Are you wearing vintage?

Top to bottom.

Let’s start with your cool glasses.

These are gold-framed vintage Laura Biagiotti from Italy. They’re a more modern cut, with little vintage touches like enamel flowers in the corner.

How about the jewelry?

This is a friend of mine, Jen Cogliantry, JC Handmade. This was cast after the large septum ring they put into bulls in Japan.

Tell me about the dress

Nelly Don is the designer. It’s a 1950s or 1960s dress, but it has a very modern cut to it. This was a secret L Train Vintage find.

CreditAndrew White for The New York Times

Age: 30

Occupation: account manager for an advertising agency

Where did you get the trench coat?

There was an old gentleman that died in my neighborhood, and he was an immaculate dresser. And his kids had a stoop sale. We literally wore the same size in everything.

How nice for you.

Yeah, I scored. They were just giving this stuff away.

You’re a black-jean guy.

I really like Rollas. They have that stretch.

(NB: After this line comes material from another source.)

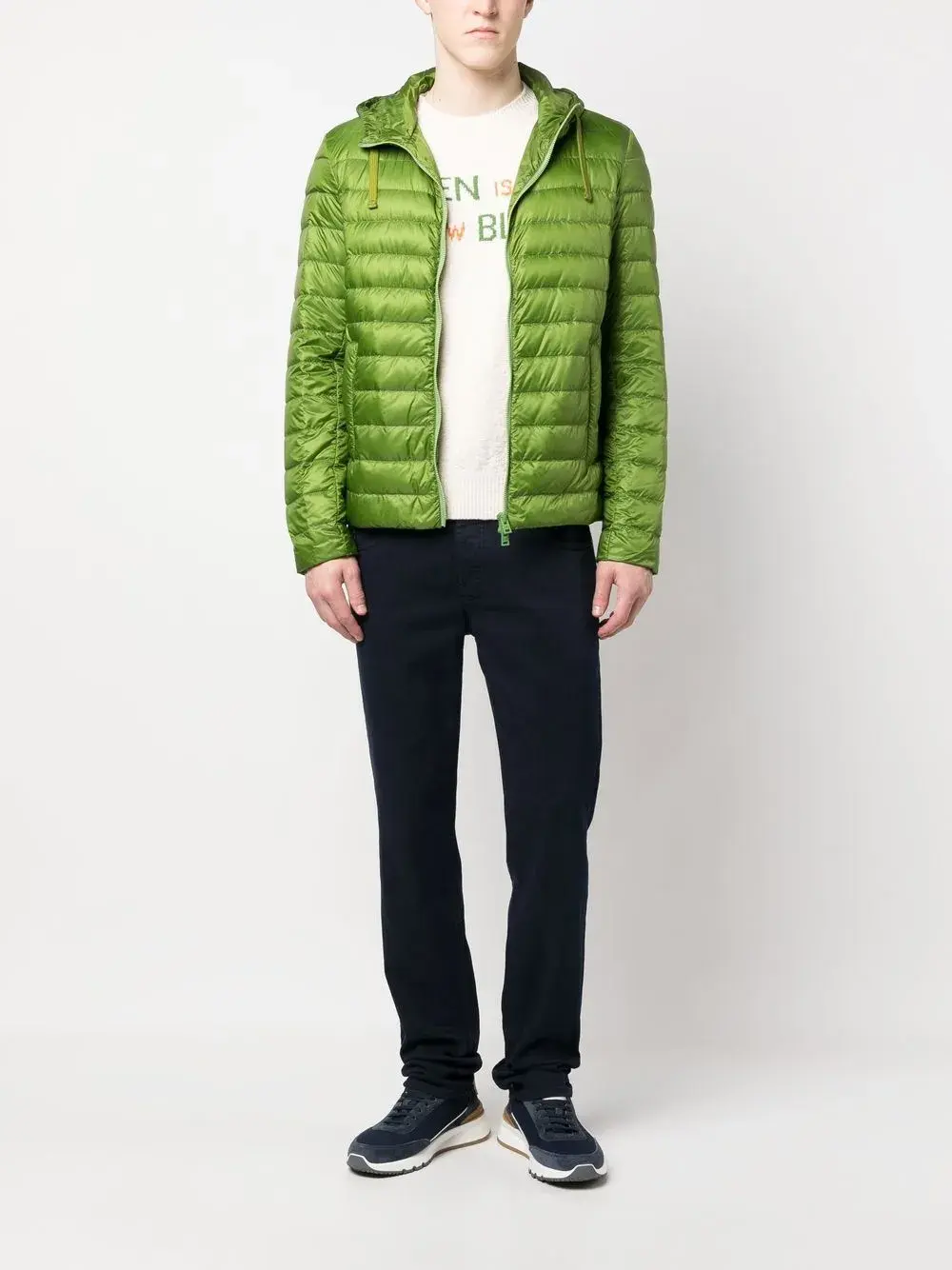 Расцветка Grass Green, наполнитель из смеси пуха и пера, дутый материал, затягивающийся на шнурок капюшон, двусторонняя молния спереди, два прорезных кармана сбоку, длинные рукава и прямой подол.

I love that you’re repping the parks department on your cap.

This is my favorite thing. Only NY, on Stanton. Every season they come out with a few items: They have a Prospect Park sweatshirt.

CreditAndrew White for The New York Times

Age: 24

Occupation: trim buyer

What are all those things pinned to your sweater?

This is Nautica. It’s my dad’s. There’s all these things I got from trim buying: this is a button, this pearl is from an earring, and this is from the back of an eyelet, and then this is a cord end. And then this is a very regular safety pin.

And you’ve got a beaded necklace.

I don’t know if you follow Superwoman, she’s a YouTuber.

I do not.

She’s got this charity line called the Rafiki. You buy this and the money goes to a charity of your choice, whether it’s education or water.

And then your boots.

They’re men’s. I have very big feet. I’m a size 11 in women’s, so I wear a 9 in men’s. They fit my feet exactly right. You can just trample. Women’s shoes feel more delicate.

CreditAndrew White for The New York Times

Age: 32

Occupation: customer service manager for a tech firm

Are you Christmas shopping?

And for our apartment. We like coming here. Last wear we found a print we put up in our bedroom. And some candle holders.

You have a great deal of denim on.

I do. The jeans I just threw on, they’re comfortable. But I had retired the jacket for the season. It’s my boyfriend’s that I borrow sometimes.

Is he cool with that?

He is, if he doesn’t want to wear it.

That’s nice. What about your scarf?

I’ve had the scarf for probably nine years. It’s from a store called Joyce Leslie, in Connecticut. It’s a place I shopped a lot when I was in college, for going-out clothes.

Life as a Runway is a regular column where we interrogate the visual presentation of a group of people at an event or location.